If you want to see how barge-in behaves on real calls before committing to an architecture, book a demo and we can walk through call recordings with interruption events highlighted.
Architecture
Caller audio (PCMU/8kHz)
|
v
+------------------+ VAD score +------------------+
| Echo Cancel | -------------> | VAD Engine |
+------------------+ | (Silero/WebRTC) |
| +--------+---------+
| | speech_start/speech_end
v v
+------------------+ transcript +------------------------+
| STT Stream | -----------> | Barge-in Decision |
| (Deepgram) | | backchannel vs true |
+------------------+ +------------+-----------+
| interrupt event
v
+------------------------+
| TTS Flush + LLM |
| Context Reset |
+------------------------+
| new TTS audio
v
+------------------------+
| ElevenLabs TTS |
| ~300ms first chunk |
+------------------------+
Frequently asked questions
What is barge-in in voice AI?
Barge-in is the ability of a voice agent to detect when a caller starts speaking while the agent is talking and immediately stop its own speech to yield the floor. Without it, the agent talks over callers and the interaction feels robotic.

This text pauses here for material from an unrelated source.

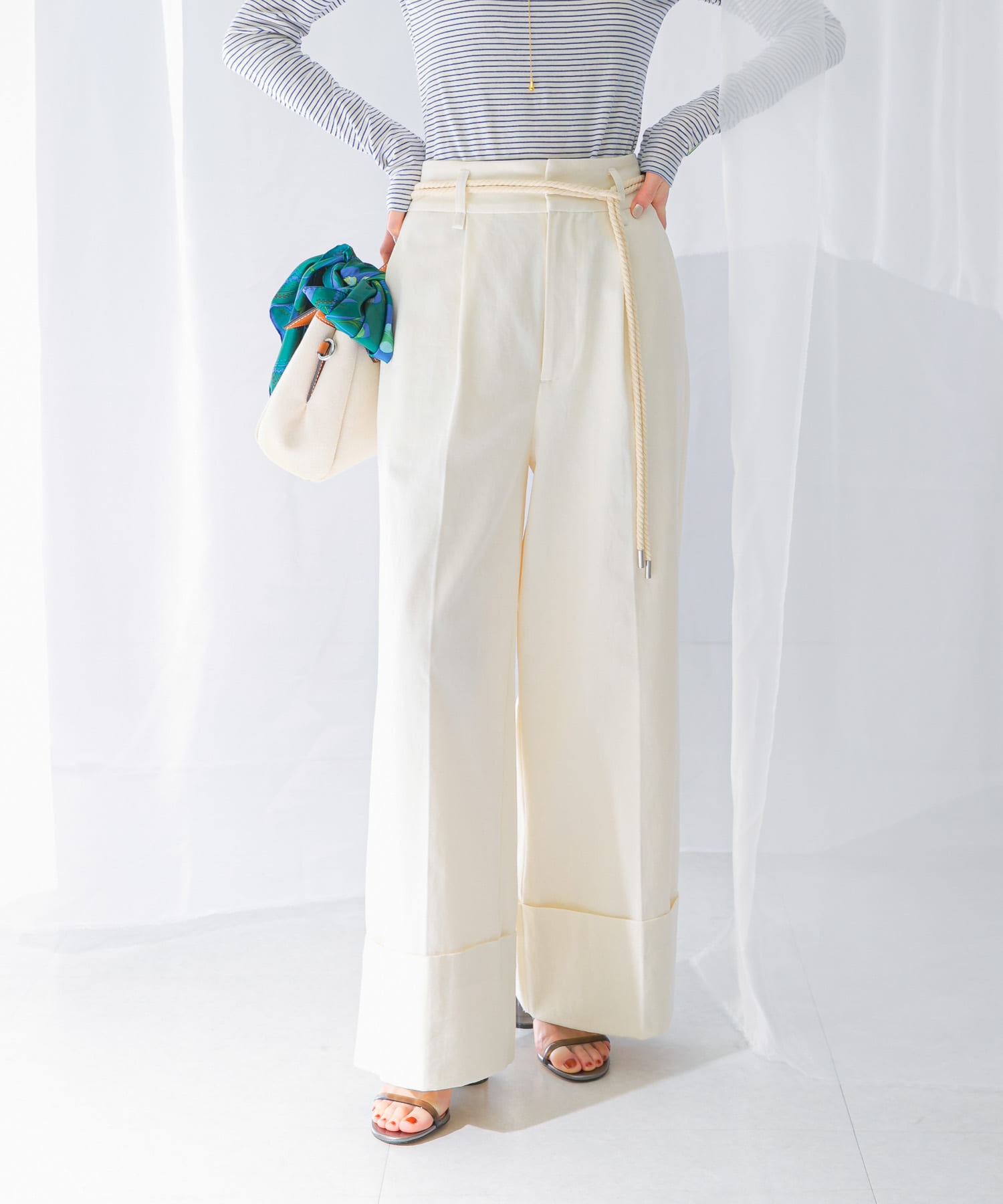 ベルト付ロールアップパンツ

What causes false barge-in in voice agents?
False barge-in happens when the agent incorrectly stops speaking due to short caller vocalizations like 'yeah' or 'uh huh' (backchannels), background noise bursts, DTMF keypad tones, or the agent's own TTS audio echoing back through the microphone. Good implementations use duration guards and content-word detection to filter these out.

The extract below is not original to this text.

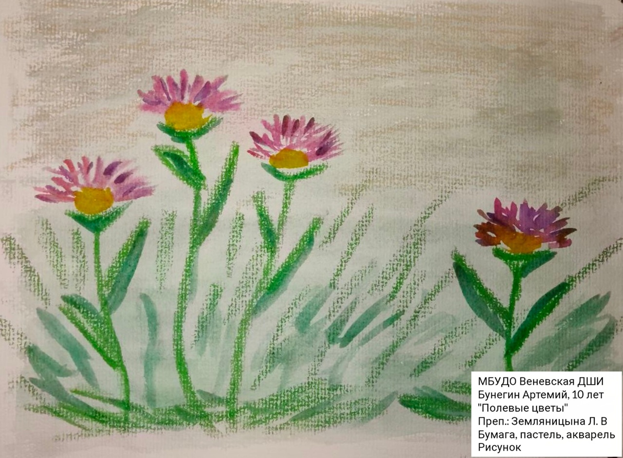| 102 | Бунегин Артемий | В обработке | "Полевые цветы" | Рисунок | Земляницына Любовь Владимировна | Принята | Фото работы |

How does Vapi handle interruptions?
Vapi uses voice activity detection and a proprietary classifier to distinguish true interruptions from backchannels. You tune sensitivity via transcriber.endpointing.silenceThresholdMs and subscribe to speech-update events on the client side to add custom interrupt logic on top of Vapi's built-in handling.
What is the difference between a backchannel and a true interruption?
A backchannel is a short acknowledgment — 'yeah,' 'mm-hmm,' 'okay' — that signals listening without taking the floor. A true interruption contains new content: a question, correction, or directive to stop. Production systems distinguish them using a duration guard (under 400ms = likely backchannel) combined with content-word detection in the interim transcript.
How fast should barge-in detection be?
The 2026 production standard is barge-in detection latency under 400ms from speech onset, false barge-in rate below 2%, and missed true interruptions below 1%. TTS flush time should be under 60ms. Total perceived silence after an interruption — including LLM generation and TTS re-entry — typically runs 1–2 seconds.
Do I need custom VAD for barge-in to work?
Not if you are using Vapi. Vapi includes built-in VAD and backchannel detection that cover the common cases. Custom VAD — typically Silero running in an ONNX worker thread — is only worth building if you have a custom WebRTC or SIP stack, unusual noise environments, or need sub-200ms interrupt detection that Vapi's defaults cannot reach.